4-5「ノートの中身」

 風呂を上がって部屋に戻っても、案の定紬の姿はなかった。散らばったものたちを軽くまとめ、気持ちばかりの荷物整理を行っておく。脱いだ服たちをバッグにしまっていると、紬のリュックサックから生成り色のノートが覗いているのが見えた。


 ふと、電車のなかで見た項目のことが頭に浮かんだ。いや、観光の最中もそれが消えることはなかった。入口のほうを見てまだ彼女が帰ってこないことを確認し、リュックからノートを引っ張りだす。


 序盤のページには、『大きいパフェを食べる』『お子様ランチを食べる』など、僕と出会う前にこなしたであろう項目が書いてあった。初期の内容は誰もが子供のころに経験していたであろうものばかりで、彼女のこれまでの人生を想像し、胸の奥が締め付けられるように痛む。


『水族館に行く』『プールに行く』『手持ち花火をする』、次第に覚えのある項目を目にするようになった。ページを進めていくにつれて、心臓の底に煎りつくような焦りが募っていく。


 まだ自殺をするまでに半年以上はあるはずなのに、日記が付けられた項目はもうすでにノートの半分ほどを占めていた。後ろから黒い波がやってきて、畳についている足から頭のてっぺんまでじわじわと上昇していく。急がなければ、彼女は自殺を早めてしまうかもしれない。


 僕は達成していない項目を把握するため、携帯を取りだし、ノートの紙面を写真に収めておいた。それからもう一度ノートへ視線を落とし、先の項目を確認する。最後のほうのページには『遠くを旅して、知らない街で自殺する』という、彼女自身が描いた結末について綴られていた。その他の項目から照らし合わせてみると、紬はどうやら最期に遠出して、その先で首を吊るつもりらしかった。
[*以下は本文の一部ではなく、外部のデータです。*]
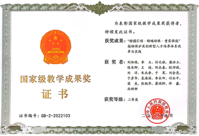 学校植物保护学院刘淑艳教授作为负责人、李玉院士指导的《“楷模引领·铸魂培根·重需强能”植物保护类创新型人才培养体系改革与实践》项目荣获国家级教学成果二等奖。本届吉林省省属院校获国家级高等教育教学成果奖共2项,我校是唯一连续两届获高等教育教学成果奖的高校。同时,学校获省级特等奖1项、一等奖2项、二等奖 4 项、三等奖 4 项。

 どの項目を、どうやって阻止すればいいのだろうか。そんなことを考えていたとき、今朝見たものと同じ項目が目に留まった。


「『恋人を作る』『恋人としかできないことをする』……」


 紬は昼間、珍しく恋愛に関する話題を口にしていた。彼女はどういうつもりで僕にその話を振ったのだろう。考えが纏まる前に、ノートを読み進めていく。ふと、僕は、このノートが持つ違和感に気づいた。いや、元々それは、おかしな部分ではあった。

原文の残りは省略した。